For evidence, as of July 2016 more than $100 billion in chemical plant expansion projects are under development in the Houston area, all users of industrial real estate.

Industrial is Hot
According to Stream, Houston’s eastern industrial submarket is “hot” and has seen its vacancy shrink to less than 5 percent from more than 20 percent in 2007. As a result, we feel that Bay 10 is well positioned to meet demand and supporting this we have seen an uptick in interest in our location in the east side industrial market.

The greatest direct contributor to stable and growing demand for industrial space is the Port of Houston. The Port is also a powerful economic generator for the entire region. This 25-mile-long complex of more than 150 facilities ranks first in U.S. imports, first in U. S. export tonnage and second in the nation total tonnage, according to the Houston Port Authority.

Annual activity includes 200 million tons of cargo moving through the port, carried in and out by more than 200,000 barges and 8,000 vessels. Further fueling future demand for industrial space, the Port of Houston is projected to expand its container ship capacity more than 35 percent in the next five years.

Future trends in international shipping offer even more hope for growing demand for industrial space in Houston. When completed, the Panama Canal expansion will enable more commerce and larger ships to utilize the Port of Houston.

Houston is also increasing its role as a trans-Pacific gateway. Beginning in June 2016, the first line of 3M Asian vessels made their first call on Houston. To capture more of this large vessel traffic, port channels will soon be deepened and widened to accommodate these larger vessels.

In addition to opportunities related to Port activities, Houston’s industrial real estate market also enjoys the enduring benefit of its location in the middle of the U. S. and its proximity to population centers. More than 17 million people live within 300 miles of Houston and approximately 60 million live within 700 miles.

Strong Infrastructure
Connecting the Port of Houston to these population centers is a robust network of interstate and state highways fanning out in all directions, which makes importing and exporting cargo efficient. For distribution of goods unrelated to the port, Houston’s industrial real estate projects are strategically positioned along the east/west and north/south interstate highways, comprising an important domestic logistics hub.

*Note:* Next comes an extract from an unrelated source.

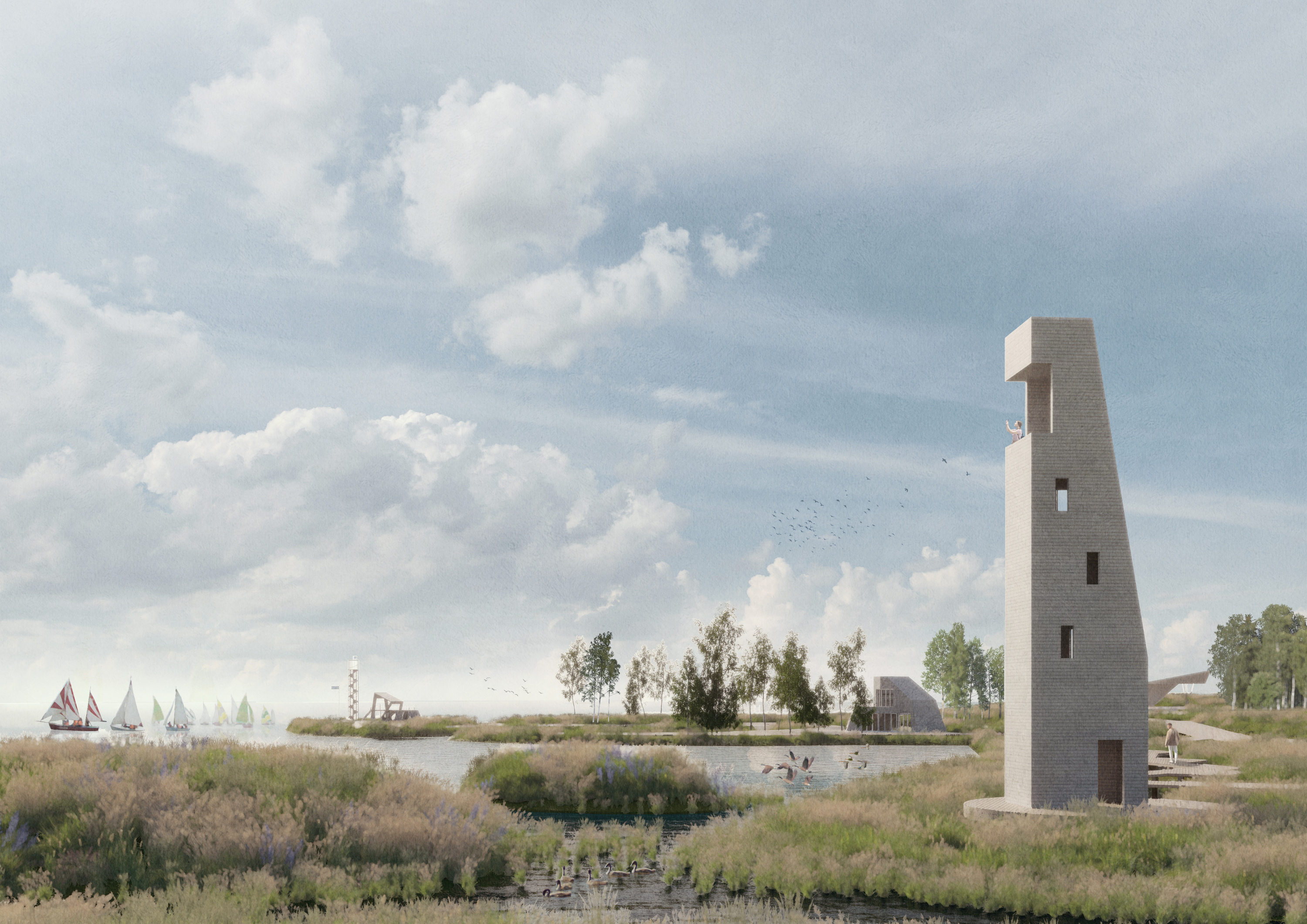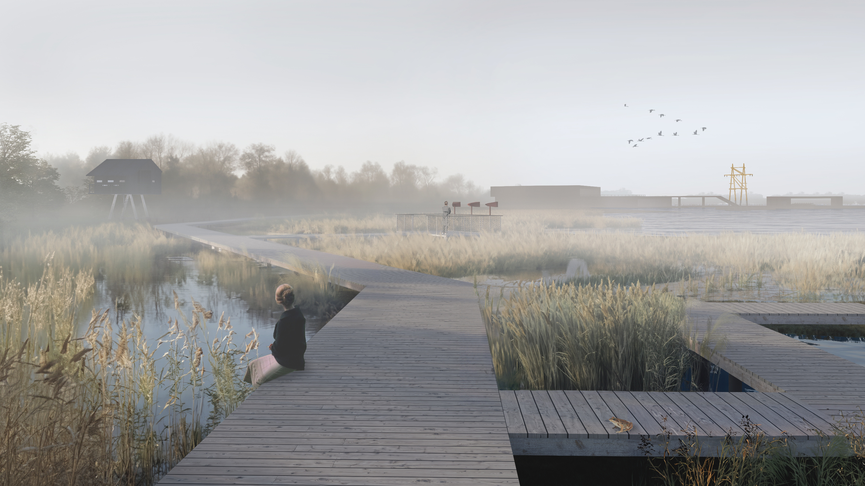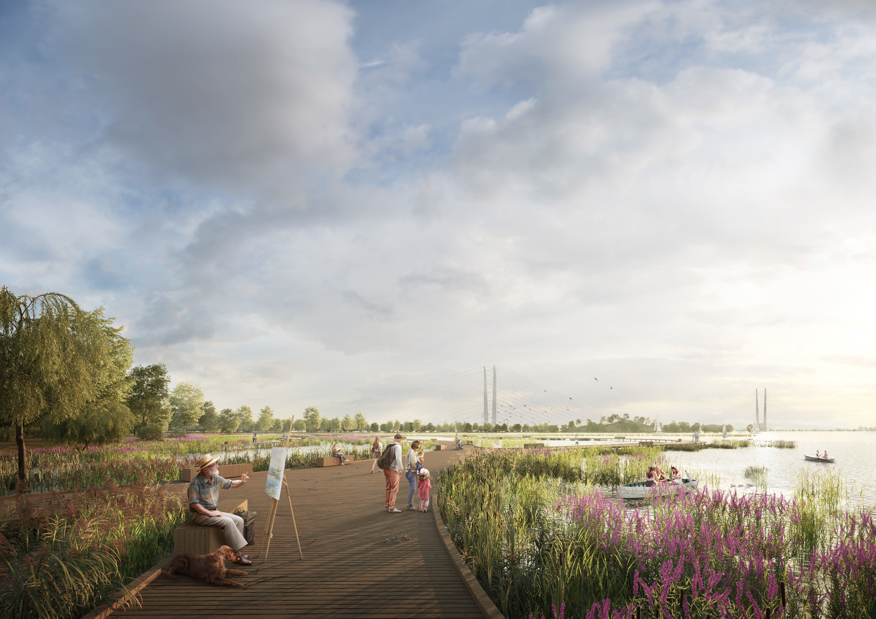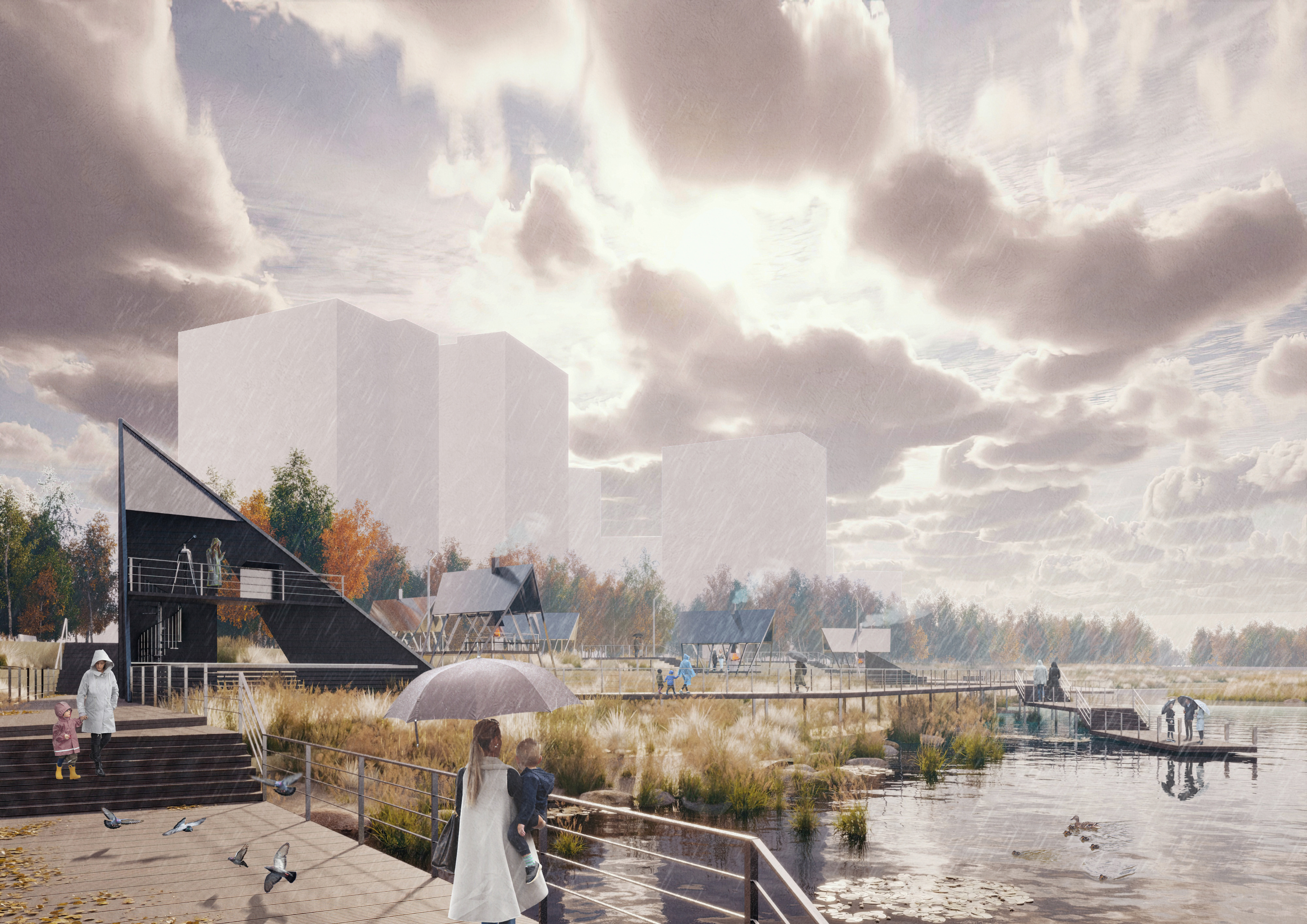 В заболоченной зоне хотят создать Болотный парк. Тут можно будет устраивать пикники, заниматься йогой, кататься на велосипедах и любоваться видом со смотровой площадки в виде пирамиды.

Moreover, much of Houston’s industrial real estate has also been located to take advantage of nearby rail service from railroads such as Union Pacific and BNSF Railway.

Like a number of other industrial parks, our Bay 10 industrial complex offers business owners direct access to both Interstate 10 and the Grand Parkway, two of the most important arteries in the east Houston market. Bay 10 also offers nearby rail capacity that can accommodate up to 100 rail cars, rail car cleaning, storage and repair, as well as daily switching.

Even with depressed oil and gas prices, fundamentals affecting Houston industrial real estate are stable. The Port of Houston is clearly the strongest economic generator for industrial real estate. Other benefits — robust multi-modal transportation, central U. S. position and proximity to growing populations — all support the likelihood that of compelling development, operation and investment assets in Houston. Industrial real estate will offer compelling operation, investment and development opportunities now and into the future.